· The site Philosophical Economics recently set out to determine the best way to invest $1 million today
· Bonds, real estate and stocks all failed to hold up to scrutiny
· After exploring all the potential options, selling covered calls is the best option
The site Philosophical Economics recently set out to answer the question that every investor is constantly asking: where is the best place to put my money right now?

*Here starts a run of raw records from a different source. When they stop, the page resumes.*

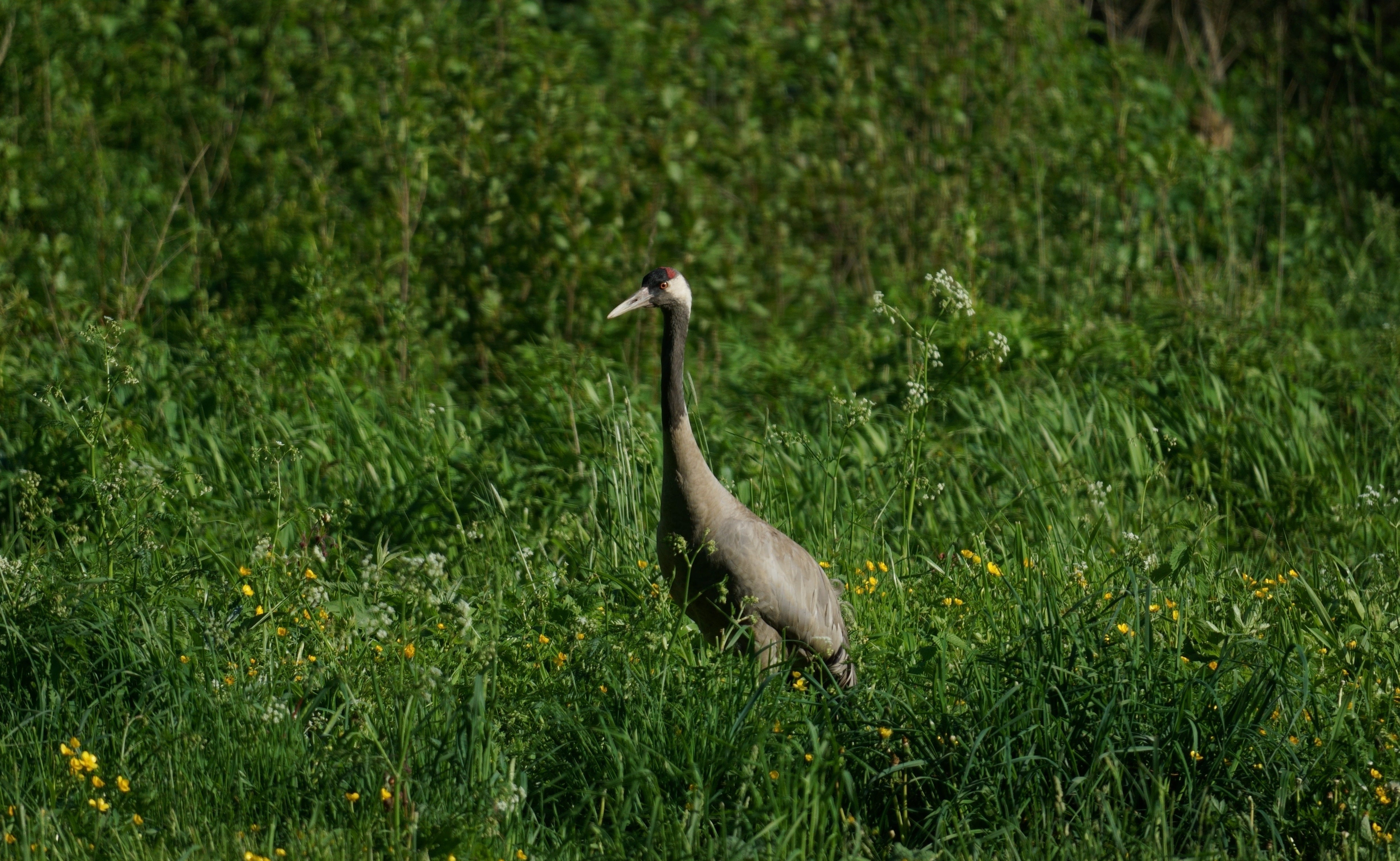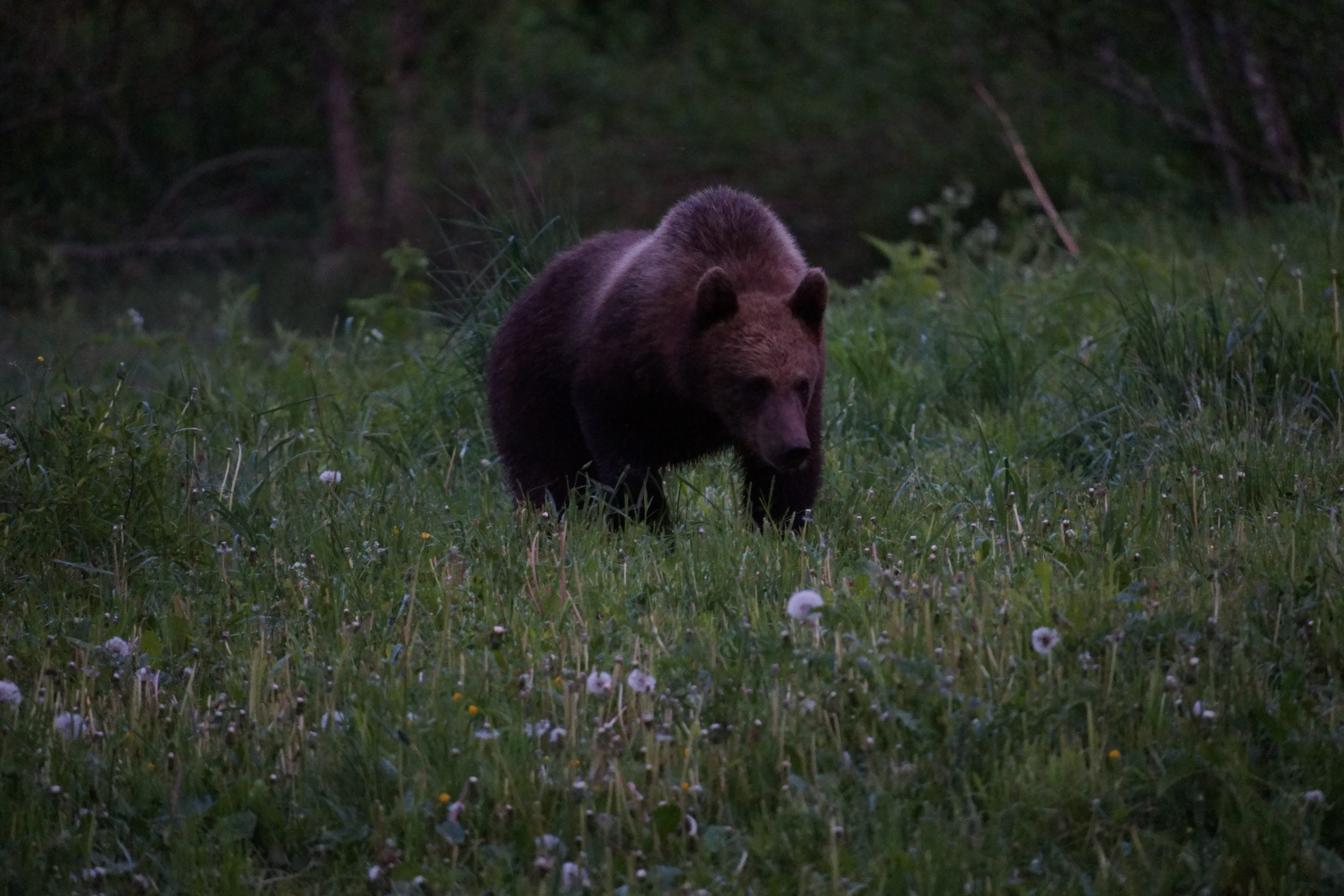 Eventually something larger did arrive, but it still wasn’t a bear. A common crane glided into view, folding up its wings and extending lanky legs to land gracefully in the long grass of the meadow. For a while it stalked about, picking its way carefully up and down the hummocks and dips of the clearing, its neck bobbing down then curling up like a comma as it picked at unseen food on the ground. It soon left, and we entered another period of straining eyes and sweeping binoculars. I resigned myself to the truth that these were wild animals, we may not see any bears at all and that would have to be absolutely fine. Half an hour ticked past. Then another.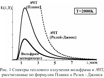 На рис. 1 показан типичный график функции Е(l,Т) вольфрама, нагретого до 2000К. Соответствующие кривые для тел из других материалов могут располагаться как выше, так и ниже кривой для вольфрама. Максимально возможной величиной излучательной способности среди различных тел, находящихся при одинаковых температурах, обладает так называемое абсолютно черное тело (АЧТ), график которого также представлен на рис. 1. Кроме этого АЧТ является единственным телом, которое полностью поглощает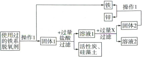 15. (5分)保护金属资源的有效途径之一是金属的回收利用。已知使用过的某铁系脱氧剂中含有氧化铁、氯化钠、碳酸钠、硅藻土、活性炭、铁粉。同学们设计了如图所示回收铁的流程。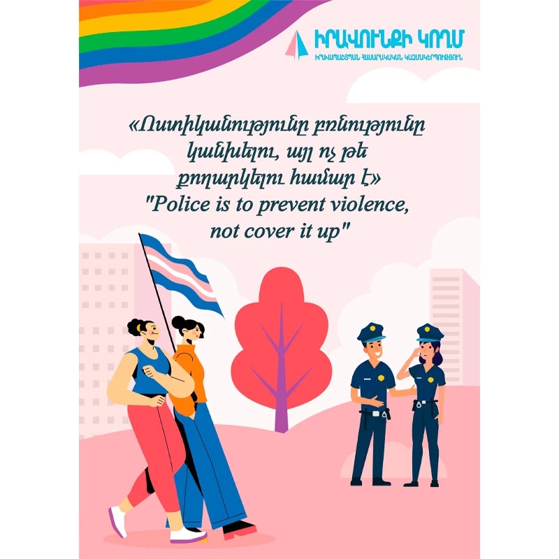 ԼԳԲՏԻՔ+ անձինք ոստիկանություն դիմելիս հաճախ իրենք իրենց ապահով չեն զգում, քանի որ բախվում են խտրականության ոստիկանների կողմից, նրանց բողոքներին պատշաճ ընթացք չի տրվում։ Իրավապահ մարմինների անգործությունը ԼԳԲՏԻՔ+ անձանց պարագայում հանգեցնում է անպատժելիության մթնոլորտի ձևավորման և իրավունքների ոտնահարման: Կարևոր է, որ ոստիկանությունը առաջնահերթություն տա ԼԳԲՏԻՔ+ համայնքի անդամների նկատմամբ բռնությունների կանխարգելմանը, ինչպես նաև ԼԳԲՏԻՔ+ անձանց նկատմամբ բռնությունները փաստագրի որպես ատելության հիմքով հանցագործություն՝ պայմանավորված սեռական կողմնորոշմամբ կամ գենդերային ինքնությամբ։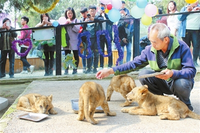 10月21日,輝縣市五龍山響水河鄉(xiāng)村旅游區(qū)內(nèi)的野生動物王國游人如織,五胞胎幼獅過“百日”的場面吸引了許多游客前來觀看。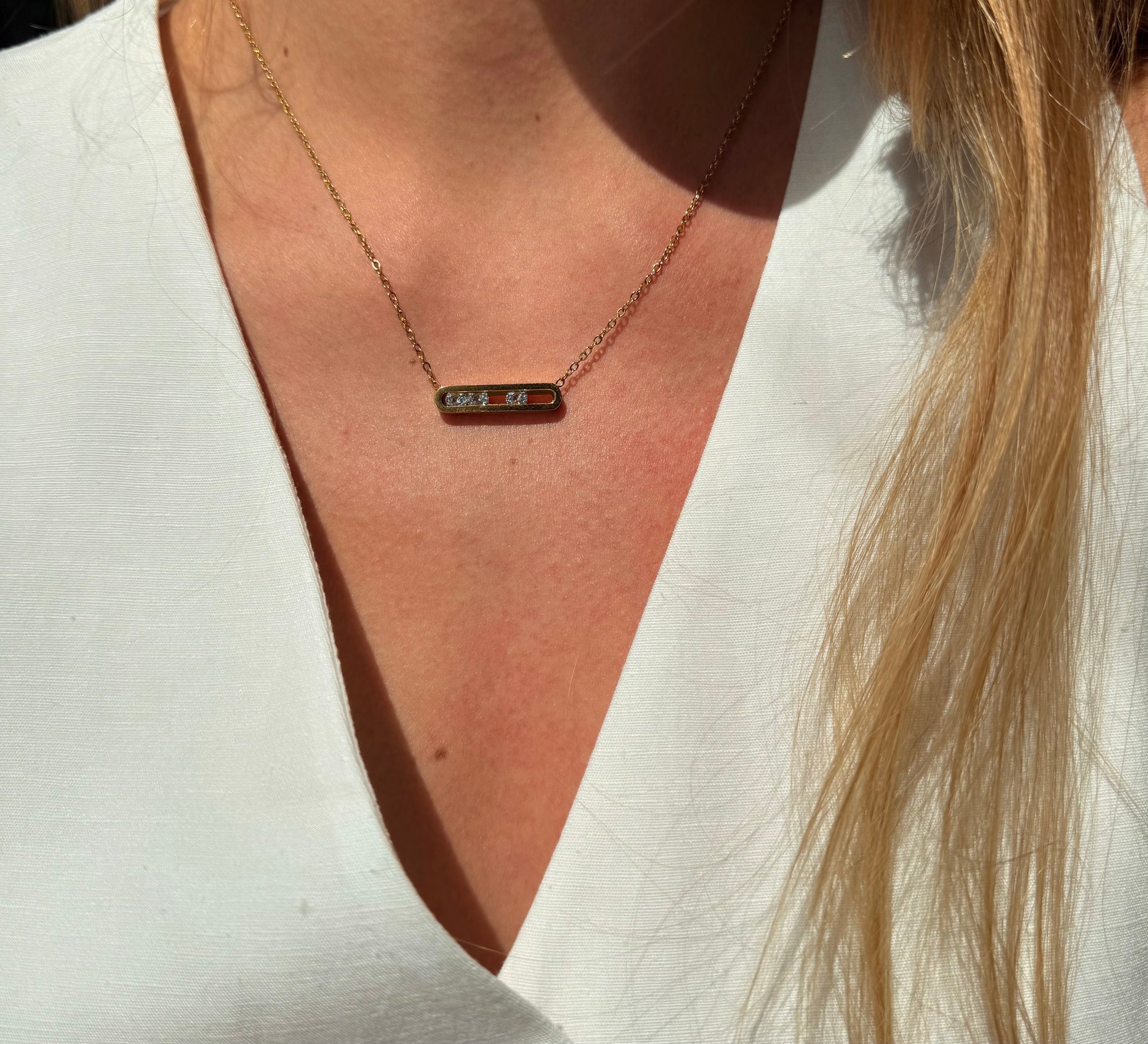 A timeless stainless steel PVD-coated necklace crafted for daily layering. Waterproof, sweat-resistant, and color-stable, it stays bright and polished through every season.
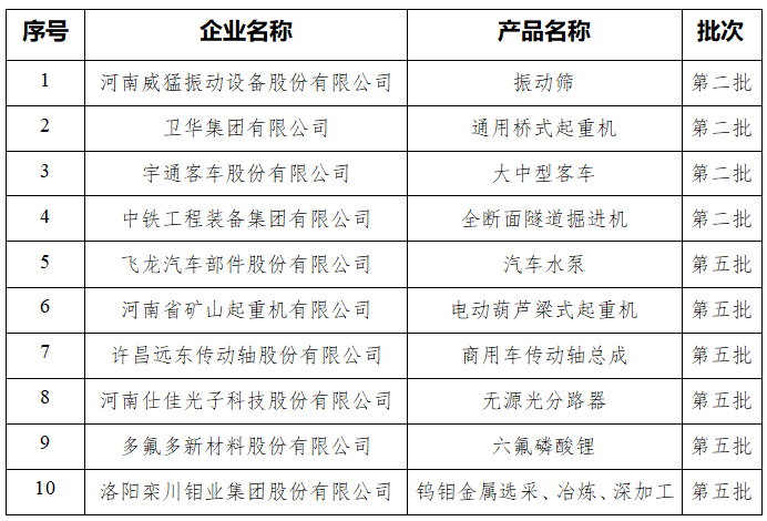 通过第二批、第五批制造业单项冠军企业复核的河南企业有10家。分别为,河南威猛振动设备股份有限公司、卫华集团有限公司、宇通客车股份有限公司、中铁工程装备集团有限公司、飞龙汽车部件股份有限公司、河南省矿山起重机有限公司、许昌远东传动轴股份有限公司、河南仕佳光子科技股份有限公司、多氟多新材料股份有限公司、洛阳栾川钼业集团股份有限公司。

Philosophical Economics’ anonymous author explored several possible options before describing what he or she sees as the best investment today.
Bonds
According to the author, the risk/reward related to Treasuries and high-yield corporate bonds is not particularly attractive at the moment. “Does the potential return that you might earn in a neutral or bearish economic scenario—say a 2% coupon plus a small gain from roll and possibly from falling rates—adequately compensate for that risk? No.”
REITs
While the author does believe that the post-crisis digestion in the U.S. housing market has made it one of the most attractive global markets right now, it’s difficult to find pure-play fixed income exposure to this market. Residential mortgage-backed securities (RMBS) offer lackluster pricing, and mortgage REITs’ extreme leverage is troublesome heading into a Fed tightening cycle.
Equities
Philisophical Economics believes that investors should not take comfort in the modest pullback on the S&P 500 in recent weeks. Consensus earnings estimates for the S&P 500 have fallen from $136 one year ago to only $111 at the present time. The author sees no reason why the index itself shouldn’t mirror that 20 percent decline.
The answer
After exploring all the options, the Philosophical Economics reveals that selling deep in the money covered calls is the best way to go in the current environment. Here’s what the author would do with $1 million:
“You take the $1,000,000 in the IRA and sell 60 September 2016 $SPY call contracts at Friday’s closing bid price of 33.55, simultaneously buying 6,000 shares of the $SPY ETF at Friday’s closing ask price of 192.59. If the S&P remains above 1650 at expiration, the calls will be executed, your shares will be sold away, and your one-year return will be 6.05%, or $60,500.”
The author adds that the risk to this strategy is any potential downside to the S&P 500 below 1650.
Disclosure: the author holds no position in the stocks mentioned.